As a nurse, I've always supported the ACA as a way for more Americans to get needed health care. But many people, including many nurses, view Obamacare as a government intrusion into individual lives. I can see their point of view, but I believe it's mistaken. The ACA does not allow government to interfere in our lives; it compels government to keep us as safe and healthy as possible.
For the record, the Affordable Care Act was based on "Romneycare," the market-based health insurance reform that Republican Mitt Romney put in place when he was governor of Massachusetts. The ACA, like Romneycare, prohibits insurance companies from excluding patients due to preexisting conditions, requires all individuals to buy insurance (since otherwise only the sick would sign up for coverage and the system would quickly become insolvent) and offers subsidies to middle-class and low-income families to make higher-quality coverage affordable.
Despite its Republican provenance and utilization of private insurance companies, though, the "government takeover" label stuck to the ACA. And that was intentional. In his book, Brill explains that the phrase "government takeover of health care" came from conservative pollster Frank Luntz and became a rallying cry for the enemies of the Affordable Care Act who said Obamacare would deny Americans free choice over health insurance.
"Free choice" is a tricky phrase here, because the ACA does curtail insurance choices, in that it disallows low-cost policies that don't provide anything close to real coverage of health care costs. But the only Americans who really had free choice over their health care prior to the implementation of Obamacare were those with excellent insurance or unlimited funds of their own.
Consider Brill's story of his own aortic aneurysm and how glad he was to end up at New York-Presbyterian, one of New York's flagship hospital systems. There, he was operated on by an MD with an impeccable record in the exact surgical repair Brill needed. His hospital stay offered "Mother Teresa care," and though his total bill came to $190,000, his insurance paid for the bulk of it.
Now consider Sean Recchi, who's profiled in Brill's book: A 42-year-old, non-Hodgkin lymphoma patient from Lancaster, Ohio, with health insurance that, Brill specifies, provided minimal reimbursement for health care costs.
Recchi had to pay M.D. Anderson Cancer Center in Houston $83,900 in advance in order to begin treatment there. M.D. Anderson is a great hospital and I'm sure Recchi also received Mother Teresa care, but the upfront cost was enormous and the Recchis are not rich. The treatment he received did save his life, but it was obviously not free or freely chosen; his life was at stake and he believed M.D. Anderson would save him.
Contrasting these anecdotes gets to the nub of the problem with health care: when people's lives are at stake -- as Brill's and Recchi's both were -- survival becomes much more important than cost. But cost of care can vary dramatically depending largely on whether someone has insurance and what the quality of that insurance is.
The Affordable Care Act was intended to reduce those price disparities by better standardizing what insurance covers and what it costs, making it possible for more Americans to get the health care they need. The bill is complicated and imperfect, but it has created a much fairer system of health insurance than we had before.
Brill, however, says the ACA does not go far enough in terms of controlling overall costs and improving quality. Right now, the United States pays much more for health care than any other developed country and we have worse health outcomes overall.

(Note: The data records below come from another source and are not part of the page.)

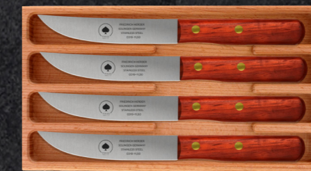
4ER SET ART. 0319.04 (Steakmesser) / 0336.04 (Buckelsmesser)

Die 4er und 6er Sets im hochwertigem Buche-Holzcase. Individuell von Ihnen bestückbar! Bestimmen Sie Klingeform und die Holzgriffe bei Ihrer Bestellung selbst.
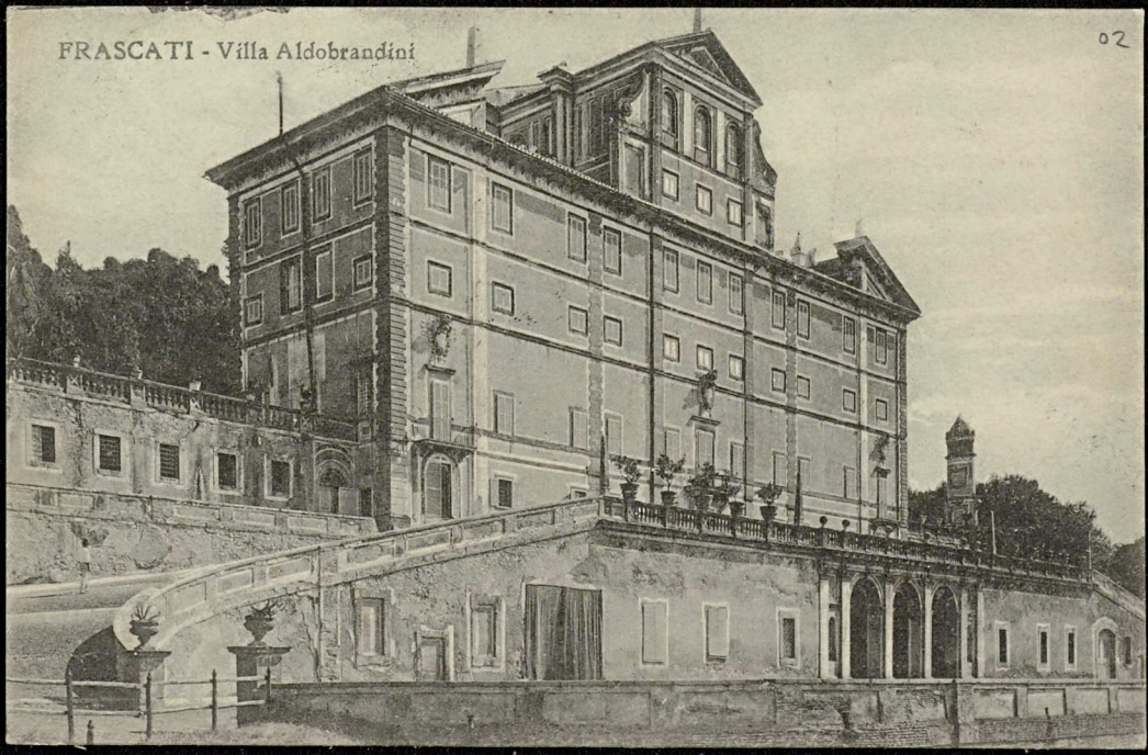
FRASCATI - Villa Aldobrandini
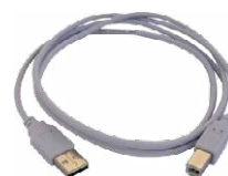
Cavo per trasmissione dati USB WAPRZUSB
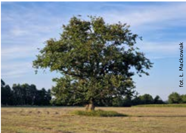
Fot. 1. Czyżnie
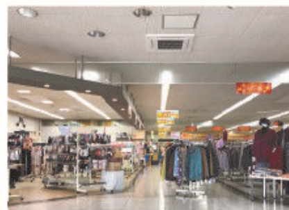
■ SC全体の照明・空調もリニューアル

甲佐町は熊本県のほぼ中央部に位置し、「粘のやな場」に代表される、水と緑の自然豊かな町である。店舗は、ドラッグストア・衣料品・クリーニング・ベーカリー・ATM等、日々の生活に欠かせない商品とサービスを取り揃え、地域のお客様とのふれあいを大切に、親近感あふれるお店づくりを心掛けている。特に毎週日曜日の朝市は、新鮮で高品質な生鮮品を中心にお手頃価格で提供し、毎回多くの行列ができる盛況ぶりである。駐車場も広く完備しており昭和52年の開店以来、これからも地域に欠かせない、お客様に永く愛されるお店を目指している。

The Affordable Care Act regulates insurance companies, but does not limit the huge profits made by pharmaceutical companies, device manufacturers or hospital administrators. That's because the ACA would not have passed without the support of those three groups.
To corral those industries and really make American health care better, cheaper and fairer will probably require government intervention. I say that because every developed country that has some version of national health care uses government regulation to control access and set prices. Any move in that direction in the U.S., though, would bring further accusations of "socialized medicine" and stoke the "government takeover" fire.

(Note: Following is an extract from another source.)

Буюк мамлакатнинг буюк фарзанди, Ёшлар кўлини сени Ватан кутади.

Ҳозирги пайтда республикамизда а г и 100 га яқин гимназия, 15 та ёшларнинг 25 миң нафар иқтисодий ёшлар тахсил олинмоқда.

This is why I say we're focusing on the wrong thing -- on principles instead of lives. And I came to that conclusion by thinking back to my own father. A country boy from Osceola, Missouri, with the gumption to become a philosophy professor, my dad deeply resents "Fasten Seat Belt" lights in cars. "It's the government telling me how to drive!" was his common complaint.
And he's right. But it's also true that seat belts save lives when automobiles crash, and Americans have acclimated ourselves to wearing seat belts and acknowledging their value.
Obamacare then, may not effectively control health care costs in the long term, but the part of it that has made insurance newly affordable for millions of Americans is not an attempt to control people's lives, but to save them: a seat belt for travelers on our unbelievably expensive, miracle-delivering, health care highway.
But don't take my word for it.
Rely instead on Steve Beshear, governor of Kentucky, quoted in Bitter Pill describing his state's Obamacare exchange, called Kynect: "Just have a look . . . You'll like it. It's not about me or President Obama. It's about you."